Step 1: initialization Initialize one labeled point and applying ILS to obtain the ordered minimum distance Rmin(i) plot
Step 2: cluster extraction The number of clusters can then be automatically extracted by identifying the peaks (due to density drops between clusters) to divide the plot into n regions
Step 3: interative relabling One point relabeled in each region (preferably at the minima) to run ILS again to obtain a fully labeled data set with n clusters defined

Parameter Selection

min_cluster_size

This value should be a underestimate of the minimum cluster size. Excessively small values will lead to poor performance

n_clusters (default is not required)

Optional parameter that specifies the number of cluster to be found. There is no guarentee that the algorithm will find them. If the user is certain of the number of clusters they should specify the number and also lower the significance parameter mentioned below

significance (default = 2.56)

The significance is the number of standard deviations a potential segmentation point should exceed the mean of its surroundings.

Manual Segmentation

If the user wants to specify segmentation manually then they can use the manual segmentation function.

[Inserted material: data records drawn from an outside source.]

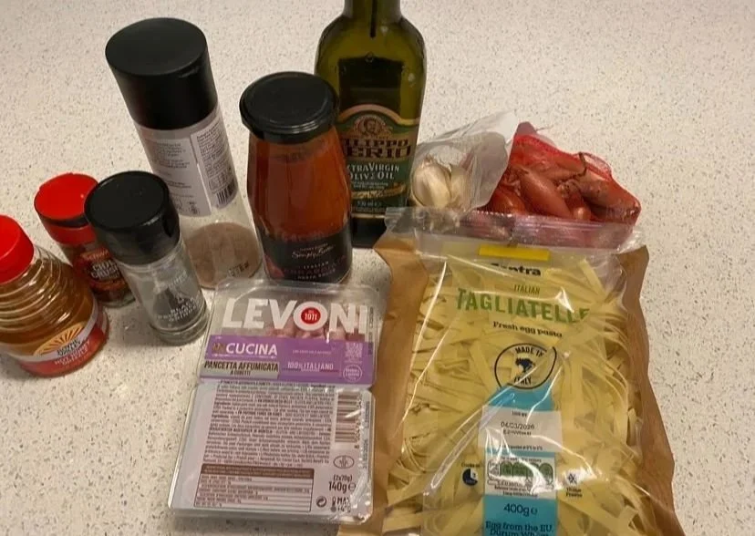 Egg Tagliatelle, Arribbiata Sauce (Dunne’s Stores), Fresh garlic & Shallots, Bacon lardons, Chilli flakes, salt, pepper & hot honey.
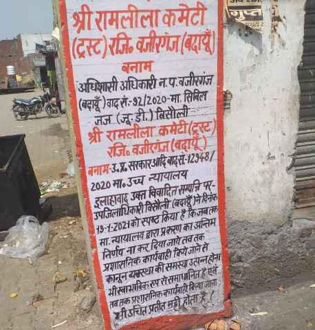 कब्जा धारकों ने एसडीएम कोर्ट में मुकद्दमा लंबित होने की सूचना दीवार पर अंकित की
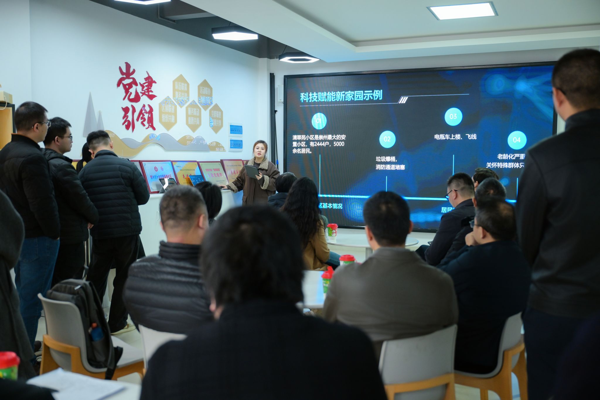 当天下午,博士团师生奔赴基层一线,开展实地教学与调研。在明湖社区,调研了智慧小区建设情况,重点观摩了服务新就业群体的“崇小新”数字化平台。在明湖科创园,调研了“园区—社区—小区”三级治理模式的运行机制。
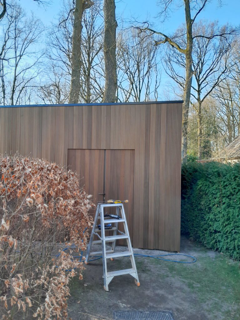 Welke houtafwerking geeft een moderne toets aan een bijgebouw?

View the rmin plot to identify regions to segment

    ils = ILS().initial_spread(X)
    ils.plot_rmin()

Once the user has seen the plot he passes in the indexs (x1, x2, x3, ...) this will split the desired segments

    ils.manual_segmentation([x1, x2, x3])
    ils.plot_labels()

To view examples of this see Testing/ILS_tests_plots.ipynb notebook

Semi-supervised Learning, Label Spreading

If the user already has some labelled points then they can perform the spreading once with ILS.label_sprd_semi_sup(labelled_points, unlabelled_points).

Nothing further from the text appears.